◆ How to complete this task: Copy out exactly the stretch below, from the line with "5月五溪山杜鹃会开。山上红一片。" through the line with "Proceeding onwards, from", both included; the pictures stay out.

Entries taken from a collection
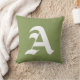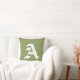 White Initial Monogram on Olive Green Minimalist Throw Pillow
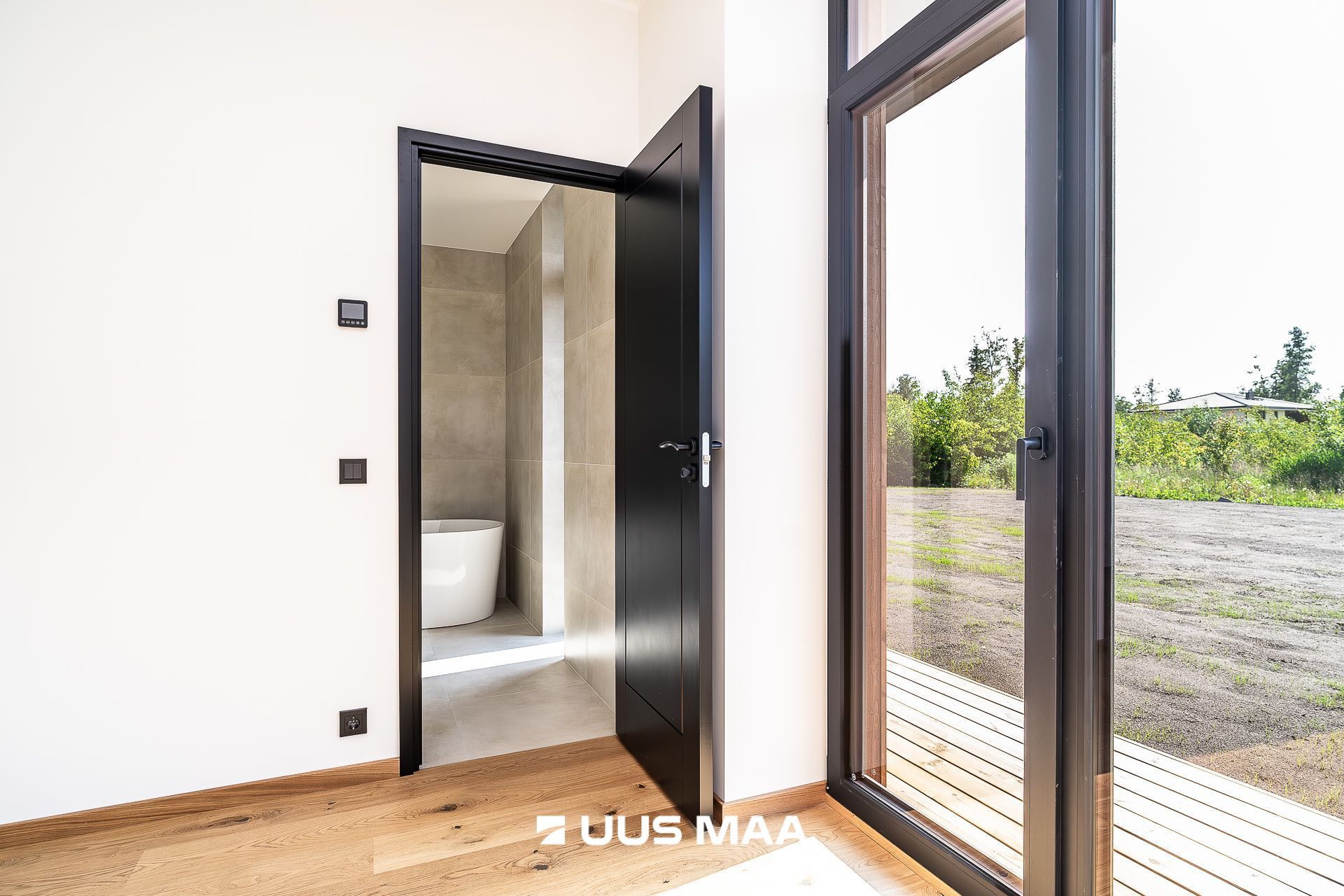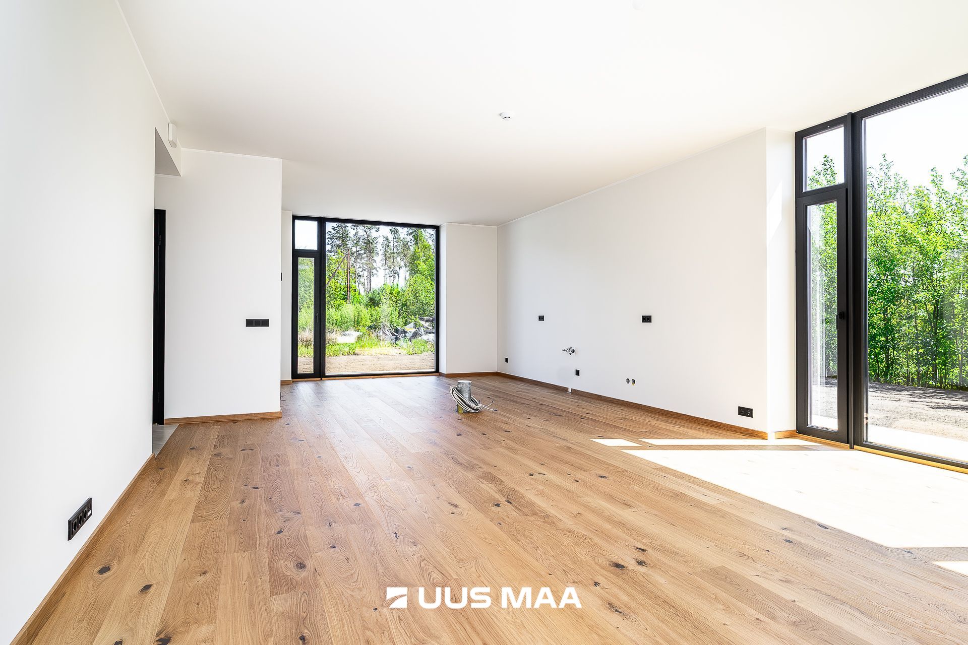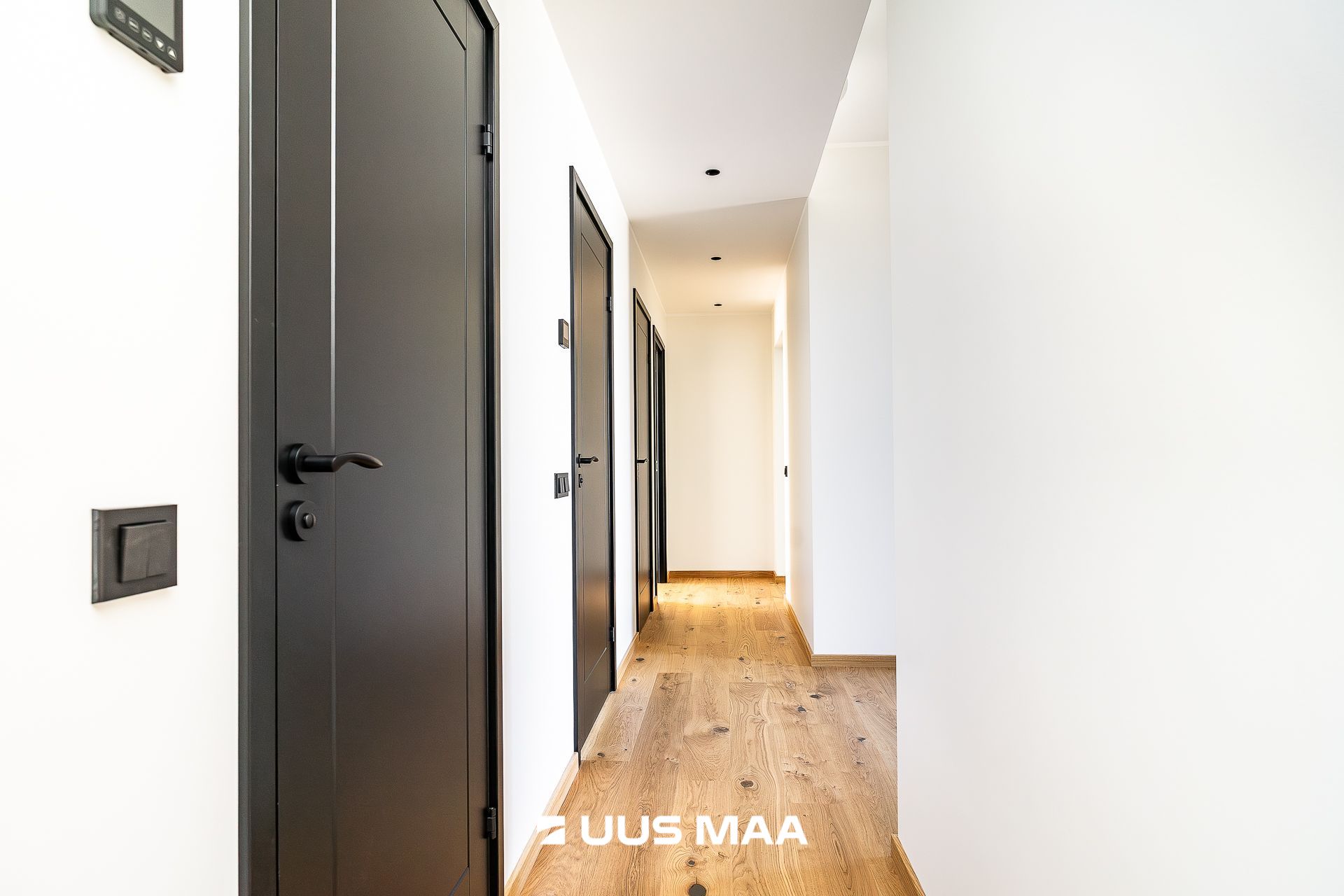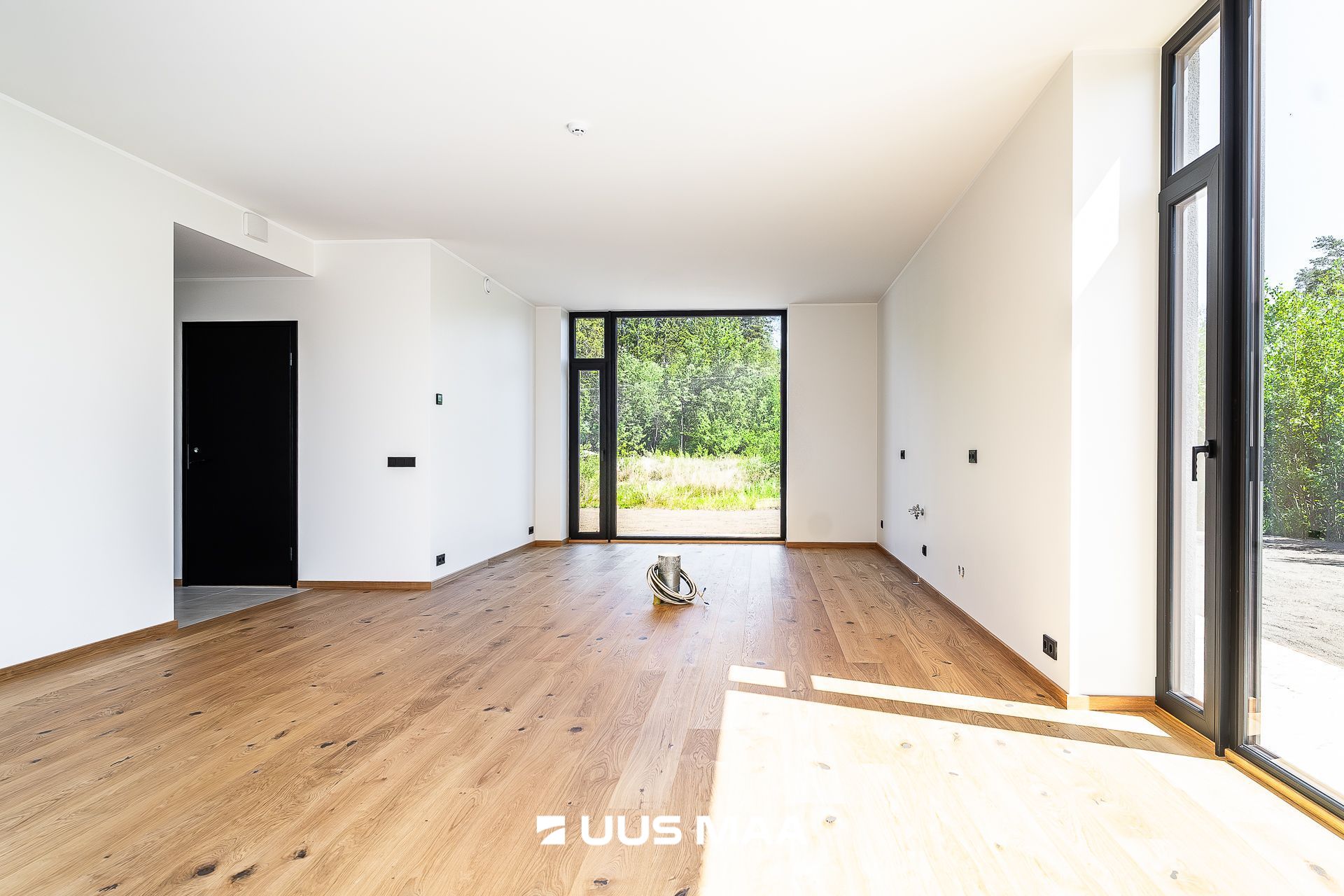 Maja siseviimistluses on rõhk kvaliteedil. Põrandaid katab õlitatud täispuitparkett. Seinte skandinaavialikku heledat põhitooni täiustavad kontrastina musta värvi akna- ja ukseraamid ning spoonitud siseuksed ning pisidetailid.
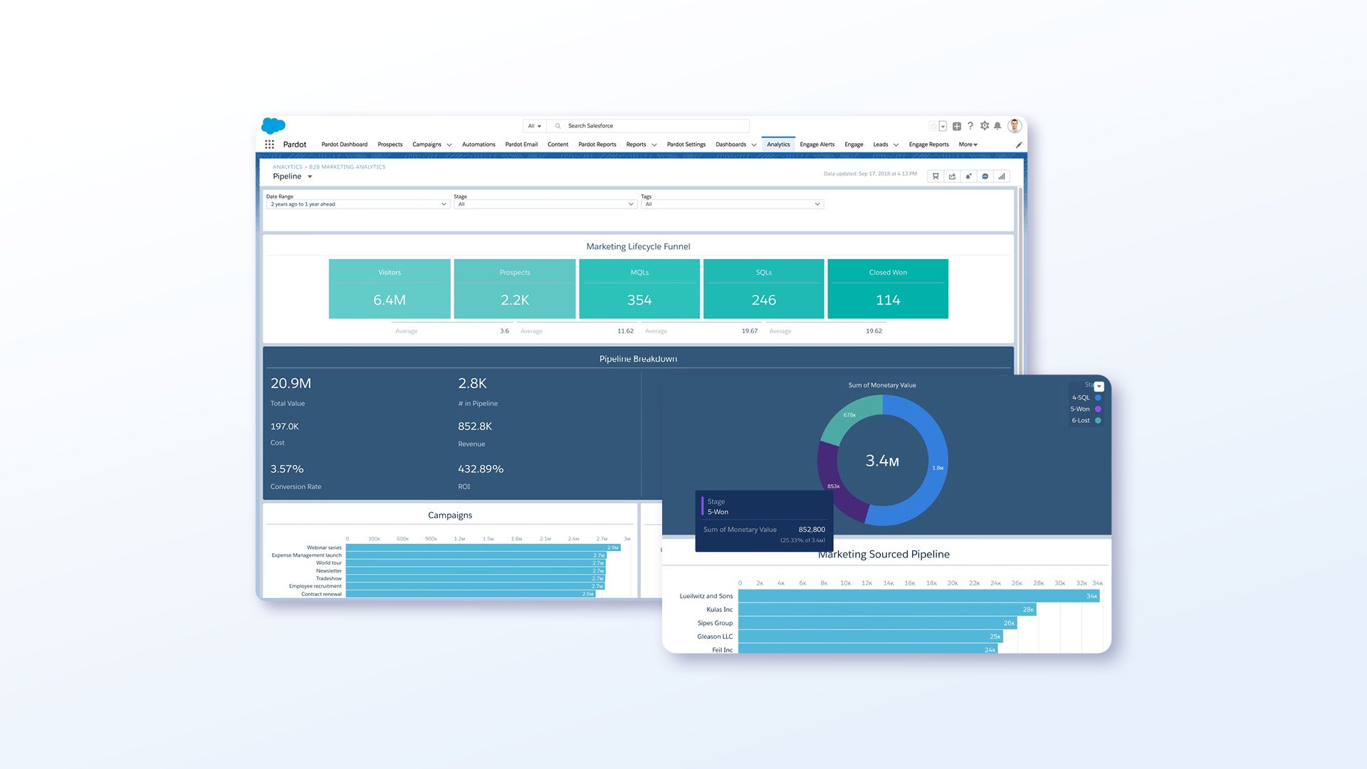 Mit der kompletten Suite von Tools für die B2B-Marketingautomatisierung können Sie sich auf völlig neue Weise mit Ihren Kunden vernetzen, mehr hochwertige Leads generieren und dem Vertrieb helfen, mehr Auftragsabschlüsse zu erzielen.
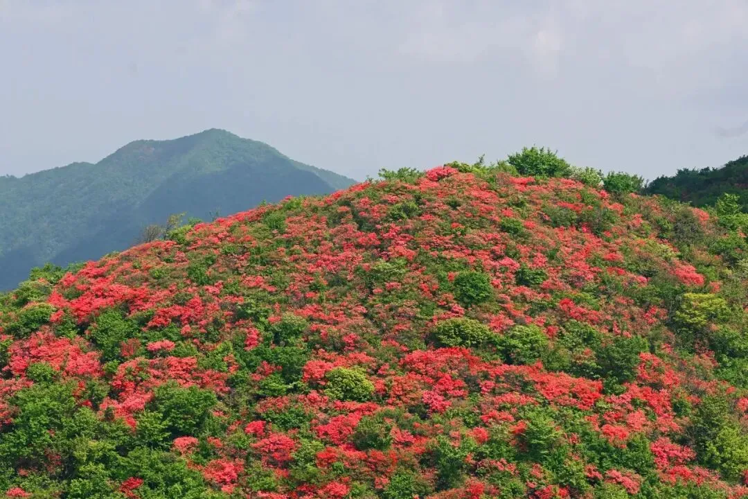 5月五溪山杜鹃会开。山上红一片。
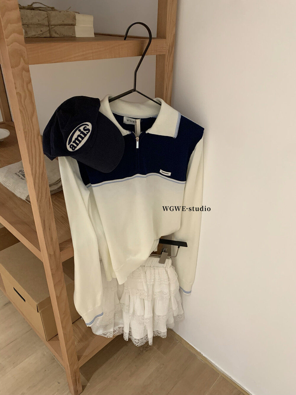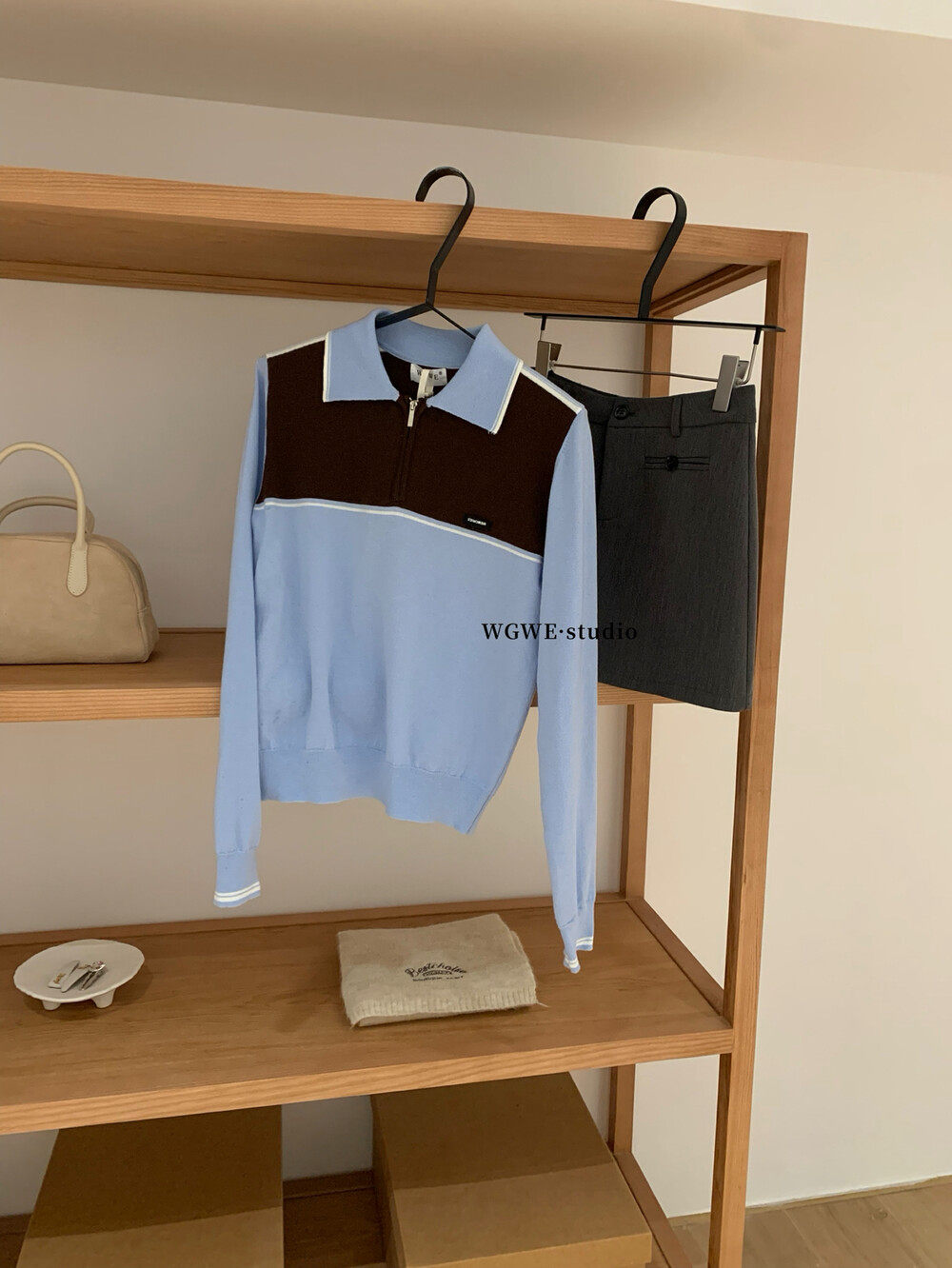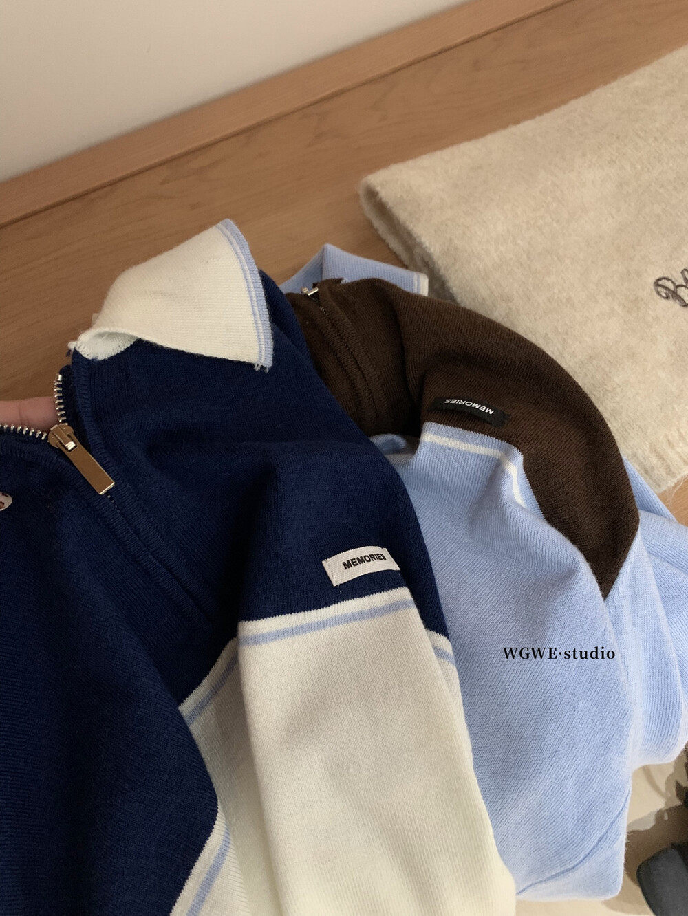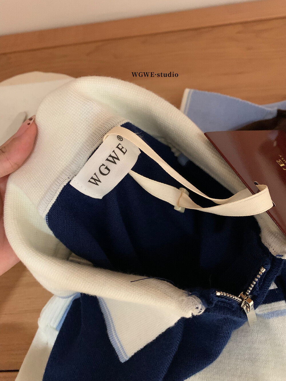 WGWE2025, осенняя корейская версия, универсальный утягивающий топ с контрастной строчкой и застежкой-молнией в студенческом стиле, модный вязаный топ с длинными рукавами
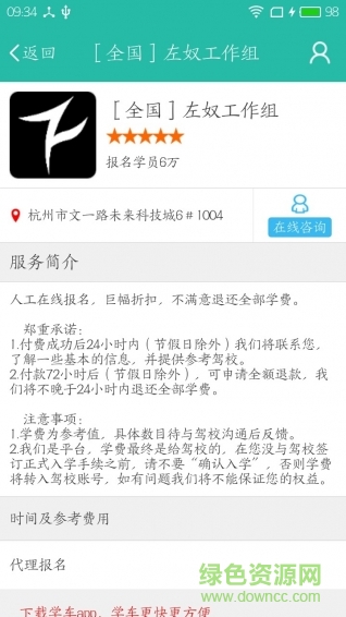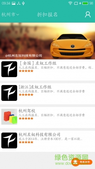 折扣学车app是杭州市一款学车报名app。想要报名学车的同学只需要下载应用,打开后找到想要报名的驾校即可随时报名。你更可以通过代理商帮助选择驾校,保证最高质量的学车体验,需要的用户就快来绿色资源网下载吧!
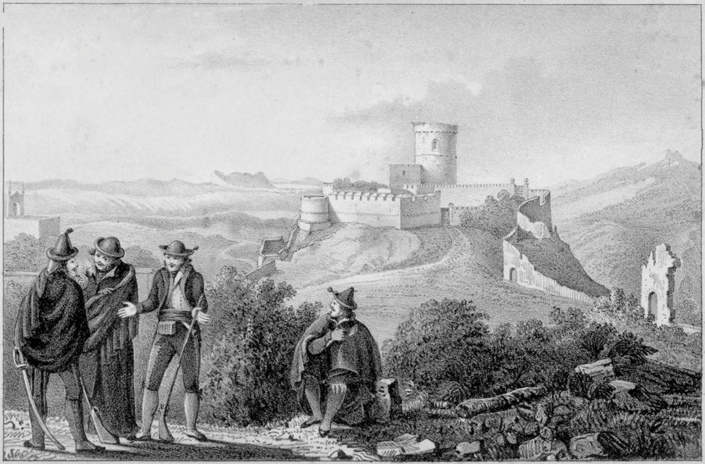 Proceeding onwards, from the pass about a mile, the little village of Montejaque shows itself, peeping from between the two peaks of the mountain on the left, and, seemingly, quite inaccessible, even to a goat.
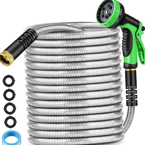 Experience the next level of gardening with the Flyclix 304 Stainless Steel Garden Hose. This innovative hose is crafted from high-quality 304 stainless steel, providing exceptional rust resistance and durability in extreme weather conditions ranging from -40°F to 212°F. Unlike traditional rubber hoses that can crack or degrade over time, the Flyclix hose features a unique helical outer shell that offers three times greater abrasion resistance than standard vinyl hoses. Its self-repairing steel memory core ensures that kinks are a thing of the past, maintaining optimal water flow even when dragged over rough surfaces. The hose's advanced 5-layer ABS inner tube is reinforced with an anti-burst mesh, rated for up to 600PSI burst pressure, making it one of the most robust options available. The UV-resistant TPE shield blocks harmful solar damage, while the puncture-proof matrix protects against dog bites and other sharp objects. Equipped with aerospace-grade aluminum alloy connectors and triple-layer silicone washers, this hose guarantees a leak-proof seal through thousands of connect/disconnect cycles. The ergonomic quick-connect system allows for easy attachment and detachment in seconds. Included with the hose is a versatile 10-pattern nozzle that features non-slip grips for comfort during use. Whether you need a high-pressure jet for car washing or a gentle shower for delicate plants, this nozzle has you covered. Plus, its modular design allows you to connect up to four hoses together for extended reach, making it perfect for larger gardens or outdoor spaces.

◆ Completed exercise:
 5月五溪山杜鹃会开。山上红一片。
 WGWE2025, осенняя корейская версия, универсальный утягивающий топ с контрастной строчкой и застежкой-молнией в студенческом стиле, модный вязаный топ с длинными рукавами
 折扣学车app是杭州市一款学车报名app。想要报名学车的同学只需要下载应用,打开后找到想要报名的驾校即可随时报名。你更可以通过代理商帮助选择驾校,保证最高质量的学车体验,需要的用户就快来绿色资源网下载吧!
 Proceeding onwards, from the pass about a mile, the little village of Montejaque shows itself, peeping from between the two peaks of the mountain on the left, and, seemingly, quite inaccessible, even to a goat.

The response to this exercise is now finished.